He trotted to the left over the hard clods of the autumnal fields, his suite behind him. The wind brought him the words that Captain Kaunitz said to the friend riding at his side: “I didn’t understand a thing the Jew said.”

The Kaiser turned in his saddle and said, “He was speaking only to me, my dear Kaunitz,” and rode on.

Franz Joseph could make no sense of the maneuvers. All he knew was that the Blues were fighting the Reds. He had everything explained to him. “I see, I see,” he kept saying. He was delighted that the others believed he wanted to understand but couldn’t. Idiots! he thought. He shook his head. But they thought his head was waggling because he was an old man. “I see, I see,” the Kaiser kept saying. The operations were fairly advanced by now. For the past two days, the left wing of the Blues, stationed a few miles outside the village of Z, had been constantly retreating from the cavalry of the Reds, who kept thrusting forward. The center held the terrain around P, a hilly area, hard to attack, easy to defend, but also vulnerable to being surrounded if the Reds—and this was what they were now concentrating on—succeeded in cutting the two wings of the Blues off from their center. Though the left wing was in retreat, the right wing never flinched; indeed, it gradually pushed ahead, showing a tendency to fan out, as if intent on circling the enemy’s flank. To the Kaiser’s mind, the situation was quite banal. Had
he
been leading the Reds, he would have kept retreating farther and farther, enticing the impetuous wing of the Blues to focus its combat strength on the outermost lines until he eventually found an exposed position between that wing and the center.

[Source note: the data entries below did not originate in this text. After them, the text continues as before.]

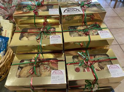 The holiday season is in full swing! Call ahead to order your cookie trays and ribbon-wrapped 1lb gold boxes. Cookies can be assorted or specified according to the individual orders.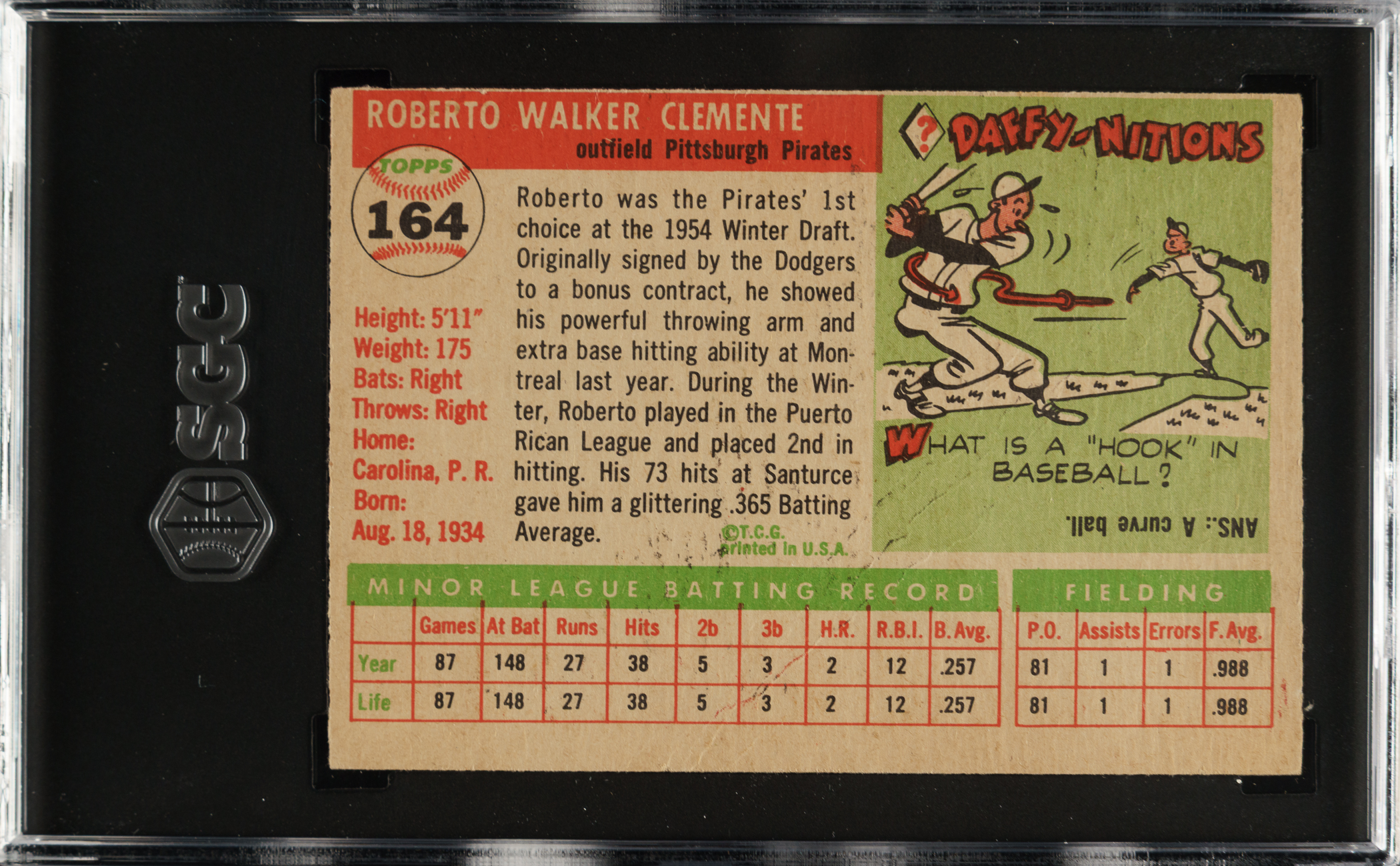 Graded FAIR 1.5 by SGC. Pittsburgh Pirates Hall of Famer Roberto Clemente.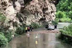 Հսկայական քարը ընկել է մեքենայի վրա, որի ներսում ուղևորներ կային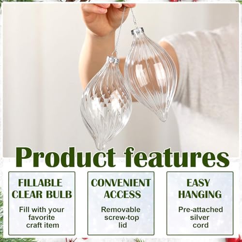 - Complete Ornament Set with DIY Potential: this package includes 6 large 5.8 inch blown glass Christmas ornaments and rust-resistant metal hooks for secure yearly display; Their ample internal space lets you add glitter, banknotes, or confetti for personalized DIY designs, elevating your tree decor with style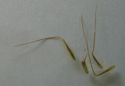 Von dem anderen, kleineren Gras nahm ich an, es sei eine Stipa-Art.Es ist sommerblühend und inzwischen ausgereift.Hier der Samen (zugegeben, mit kleinerer Granne als Stipa barbata sie hat).oile *sehrverwirrt*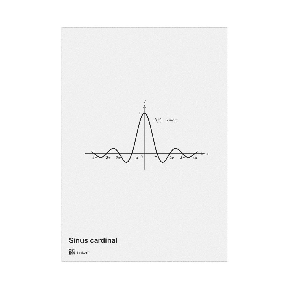 A poster featuring a plot of the sinc function in French (Sinus cardinal).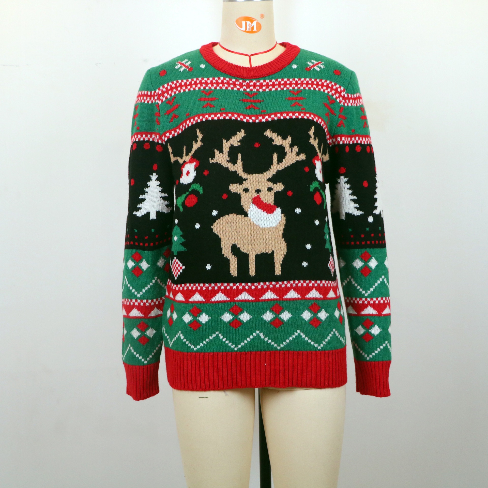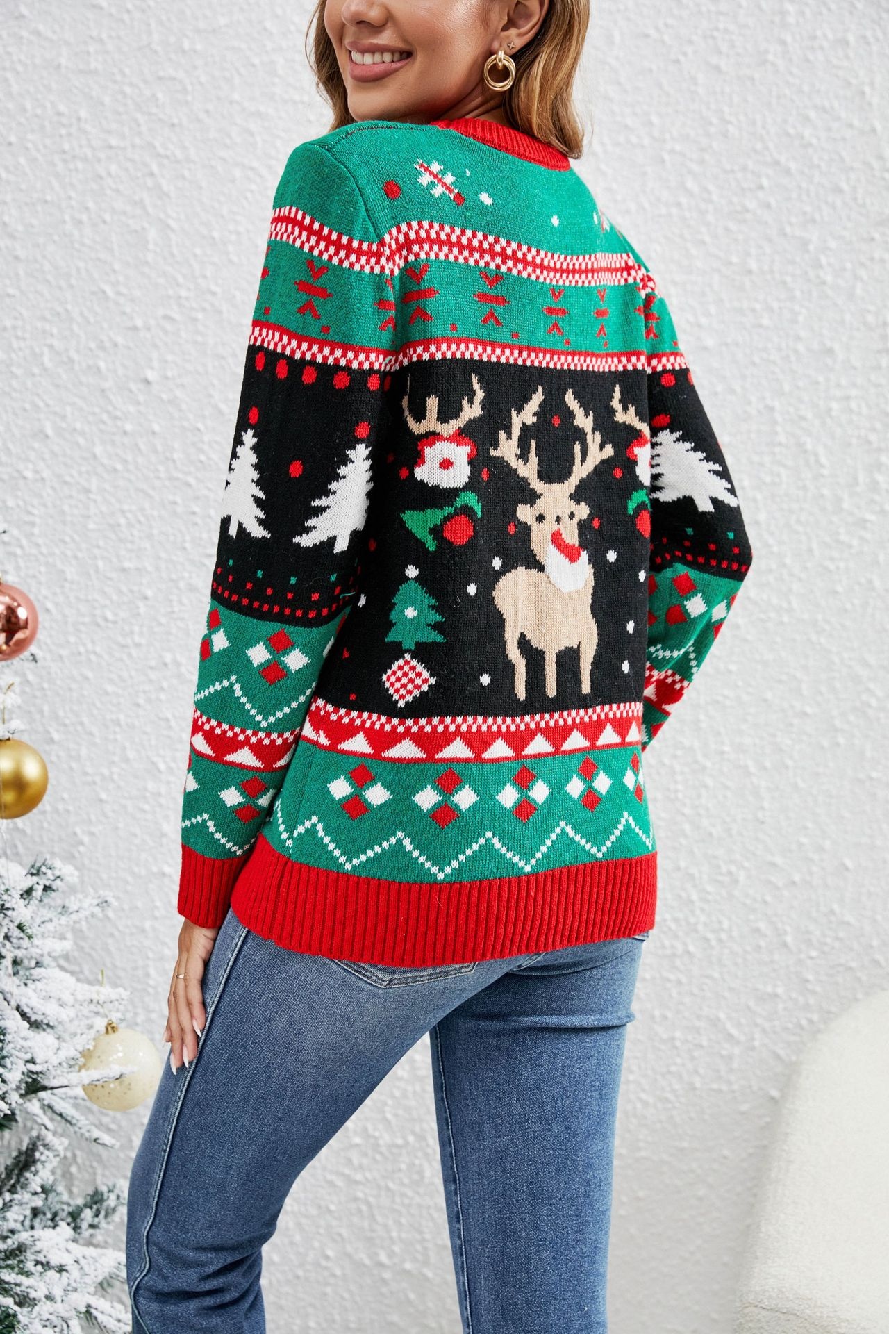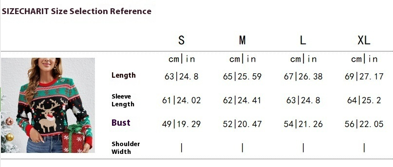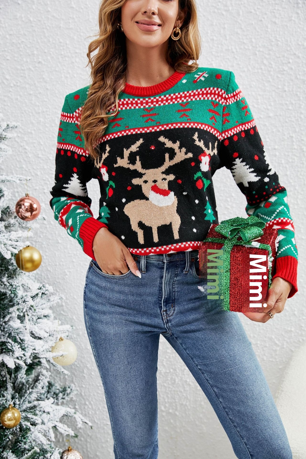 Women's Round Neck Jacquard Christmas Sweater Versatile Long Sleeve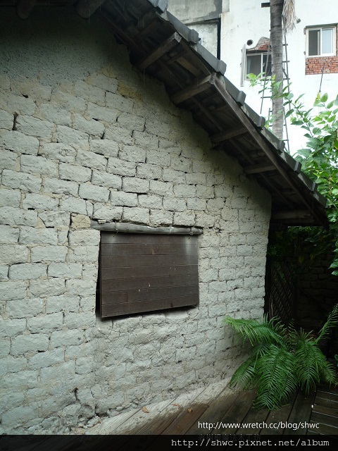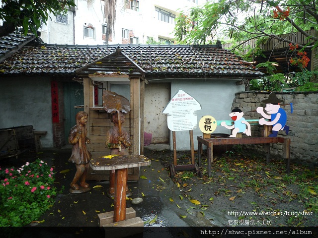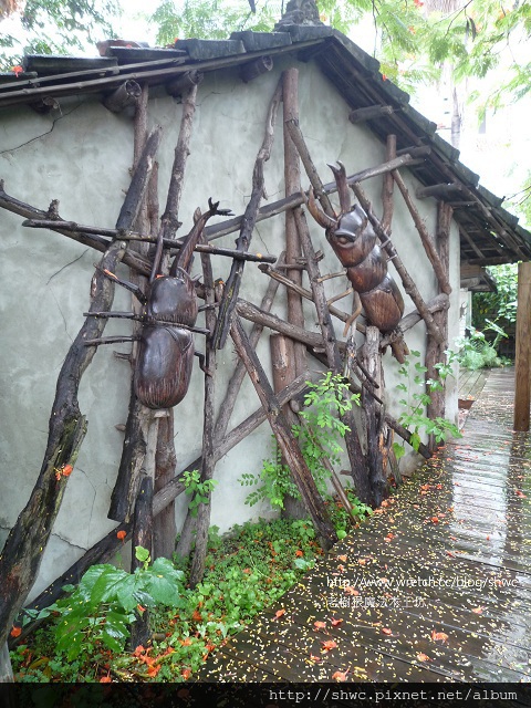 三合院旁邊種植美美的使君子跟鳳凰木,在步道的牆面用木頭做出了兩隻獨角仙。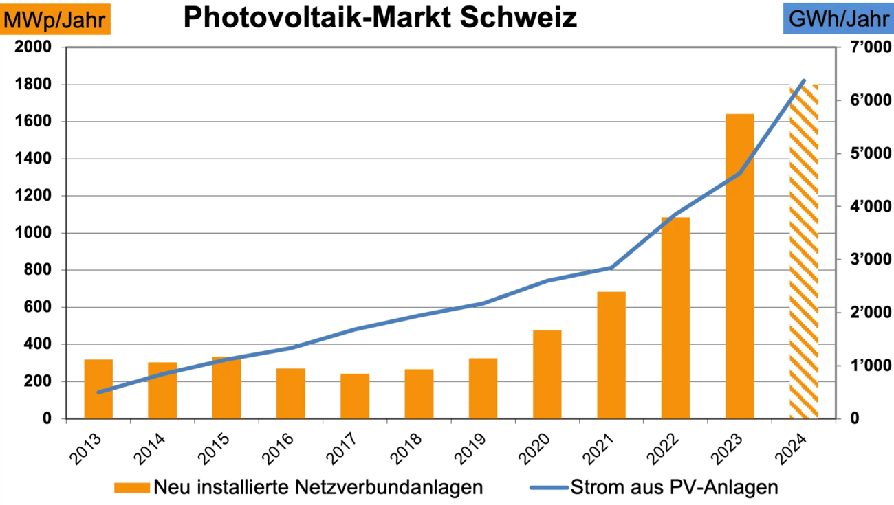 Gemäss der am 11. Juli vom BFE veröffentlichten «Statistik Sonnenenergie» für das Jahr 2023 ist der Photovoltaik-Ausbau in der Schweiz gegenüber dem Vorjahr um 51 Prozent auf 1641 Megawatt angestiegen. Es handelt sich um das vierte Jahr in Folge mit einem Marktwachstum von über 40 Prozent. Insgesamt waren per Ende 2023 in der Schweiz Solarpanels mit einer Leistung von 6.4 Gigawatt installiert, die im Jahresverlauf über 8 Prozent des Schweizer Strombedarfs abdeckten. Mehr Informationen auf swissolar.ch Zur Statistik Sonnenenergie 2023 (PDF) |

But the Kaiser said nothing. He was distressed by the monstrous fact that Colonel Lugatti, a Triestino, vain as, in Franz Joseph’s unshakable opinion, only an Italian could be, was wearing a high overcoat collar, even higher than was permitted for a tunic; nevertheless he displayed his rank by leaving that dreadfully high collar coquettishly open.

“Tell me, Herr Colonel,” asked the Kaiser, “where do you have your overcoats made, in Milan? Unfortunately, I’ve totally forgotten the names of the Milanese tailors.”

Staff Colonel Lugatti clicked his heels and buttoned his over-coat collar.

“Now people could mistake you for a lieutenant,” said Franz Joseph. “You look young, you know!”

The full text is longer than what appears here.